Many metallic surfaces can be protected from corrosion using a variety of available coatings. Their effectiveness, however, is not completely satisfactory because of small imperfections in the material that can cause coating film de-bonding, blistering or undercutting of the coating adjacent to the unprotected area. In addition, physical damage to the coating can also lead to corrosion of the metal. Salt and acid substances in the air often aggravate surface deterioration. Chromates and other heavy-metal additives can improve the protective abilities of coatings but have been proven to be environmentally undesirable.
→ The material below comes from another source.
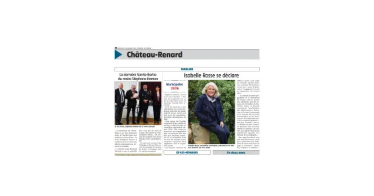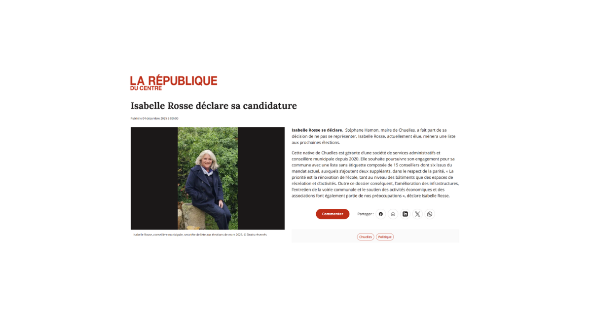 La candidature d’Isabelle Rosse pour les Municipales 2026 à Chuelles est à l’honneur dans La République du Centre . Découvrez son engagement, ses motivations et la vision qu’elle porte pour notre village.

Other nonmetal synthetic organic derivatives exhibit effective corrosion-inhibiting properties. As an example, macromolecular derivatives produced from the reaction of diamines with benzoquinones exhibit highly effective corrosion-inhibiting properties. When used in conventional protective metal coatings, enhanced corrosion resistance is realized due to the extended coverage by the coating to regions of the metal substrate where small gaps in the coating allow corrosive elements to come in contact with the unprotected surfaces when traditional anti-corrosion pigments are used.

Potentially, these additives offer a variety of benefits. They can reduce the application of hazardous materials as coating additives, be applied in waterborne coatings, be used with a wide variety of coating resins, and be applied in standard coating manufacturing techniques.

Intercoat Adhesion Promoters

In the many decorative and performance applications of coatings, a single applied film is many times not sufficient to meet the coating performance requirements. Thus, it is common to apply several different layered films to provide a specific function to the overall coating performance.

As an example, in typical coating applications, primers are often used for substrate adhesion and corrosion protection. In addition, primer surface coatings are used to provide a smooth surface for subsequently applied topcoats. Basecoats and clearcoats are also used to provide a decorative appearance, UV protection and surface gloss properties.

The overall performance of the coating system requires that each layer must have a strong adhesion to the other. Especially in high humidity or after water immersion, individual layers will lose adhesion, leading to film layer de-bonding and peeling. This problem can be controlled using intercoat adhesion promoters.

Typical adhesion promoter additives include metal chelate or complexes, multifunctional oligomeric organic derivatives, and siloxane derivatives. Their application either directly onto a substrate before coating or integration into the applied coating formulation can be effective ways to improve film intercoat adhesion.

Additives Stabilize Dispersed Pigment Particles

What are the differences between a dispersing additive and a grinding resin?

Dispersing additives and grinding resins aid in the stabilization of dispersed pigment particles during the milling stage of formulation. Both dispersing additives and grinding resins function by binding to the surface of the pigment, altering the surface of the particles to induce repulsive forces between the pigment particles. In the case of a dispersing additive, the repulsive forces are characteristically electrostatic and/or steric in nature. Grinding resins rely primarily upon steric forces to separate the particles.

Both technologies are effective in producing high primary particle concentrations in the mill grind, and then stabilizing the dispersion in the final paint formulation. Generally, dispersing additives are more efficient than grinding resins in dispersing pigments to a high primary particle concentration due to the greater specific smaller molecule binding per pigment particle. These additives typically disperse a higher pigment loading at a significantly lower concentration of a grinding resin.